Excessive growth during submergence is common, and due to accumulation of the phytohormone ethylene. Submerged plants tend to elongate excessively, an “elongation escape” adaption that allows their leaves to maintain contact with air until the floodwaters are too deep. This elongation capacity is mediated through ethylene which suppresses ABA synthesis but enhances synthesis and sensitivity to GA, resulting in leaf and internode elongation (Das et al. 2005). Ethylene accumulation also triggers chlorophyll degradation and leaf senescence (Ella et al. 2003b), rendering leaves less fit for photosynthesis both underwater and upon resumption of contact with air after desubmergence.

The sudden aeration and exposure to high illumination upon desubmergence causes oxidative stress resulting from ROS generated in leaves that have limited capacity for photosynthesis following submergence (Ella et al. 2003a).

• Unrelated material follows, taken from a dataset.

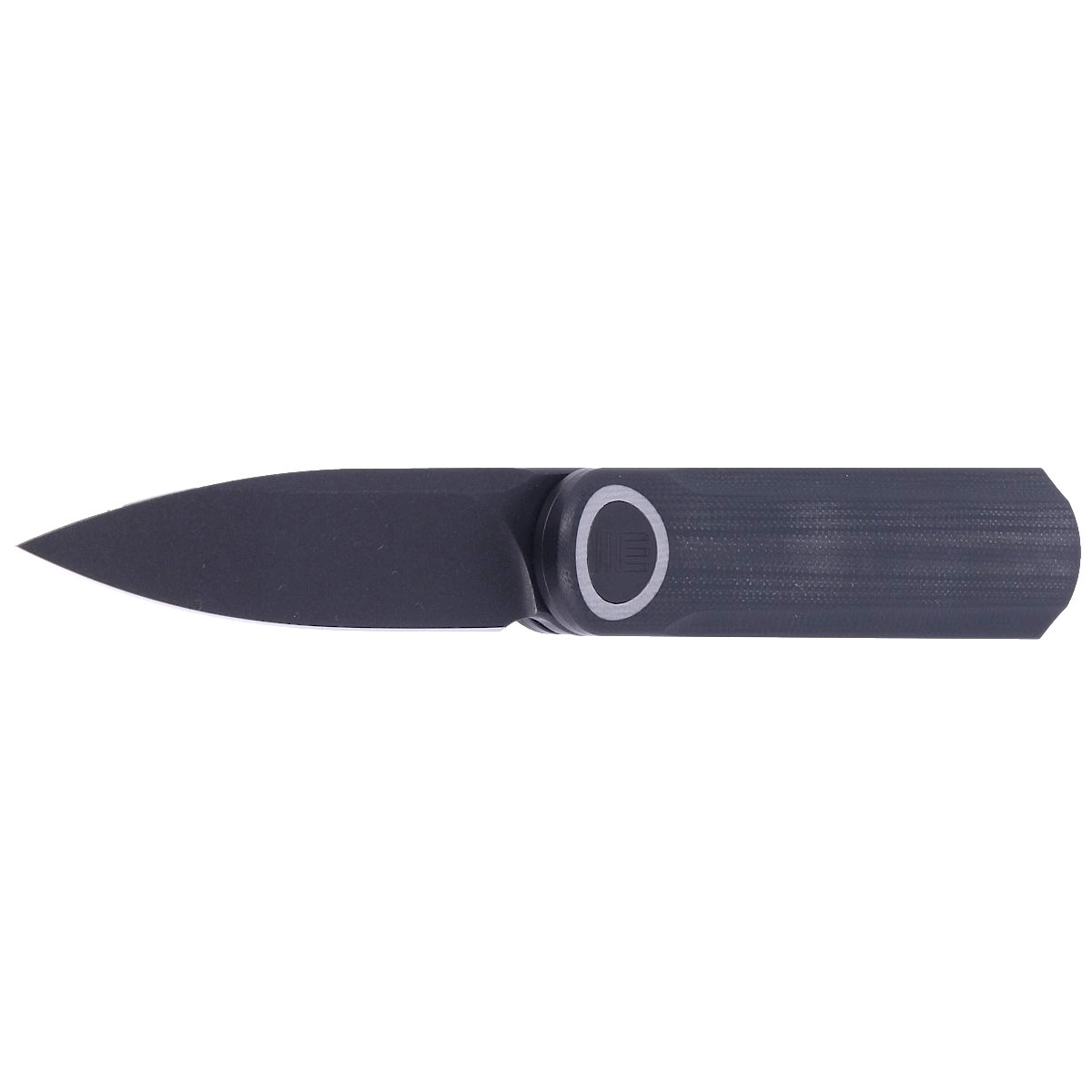 Handle - monolithic, made of a single piece of black G10, milled with CNC 3D machine tools. This provides unbelievable strength, but requires the highest skills and precision in production. The pivot axis is decorated with a stylized WE brand logo. Right-side, one-position titanium deep carry clip allows you to carry the knife discreetly in your pocket in tip-up position.

Recovery after submergence therefore, depends on maintenance of carbohydrate reserves, during and shortly after flooding (Das et al., 2005), and the maintenance of a functional photosynthetic system. In rice, as explained in Section 18.5, tolerance of submergence is conferred by an ethylene response-like transcription factor SUB1A. Induced by ethylene that accumulates within plants during submergence, SUB1A disrupts the elongation escape strategy typical of most lowland rice varieties through suppressing GA-promoted elongation, and also slows ethylene-induced leaf senescence (Bailey-Serres et al. 2008). Survival and recovery are enhanced in two ways: (i) less energy is consumed on elongation growth and carbohydrates are conserved, and (ii) leaf senescence is prevented. Thus, plants continue photosynthesis while underwater, and can resume optimal rates of carbon fixation upon re-exposure to air and high illumination and so minimise ROS damage after desubmergence. The sudden exposure to high O2 and high light increases the generation of ROS. The ability to recover quickly and produce new tillers following desubmergence is important because only these new tillers will become effective in contributing to grain yield.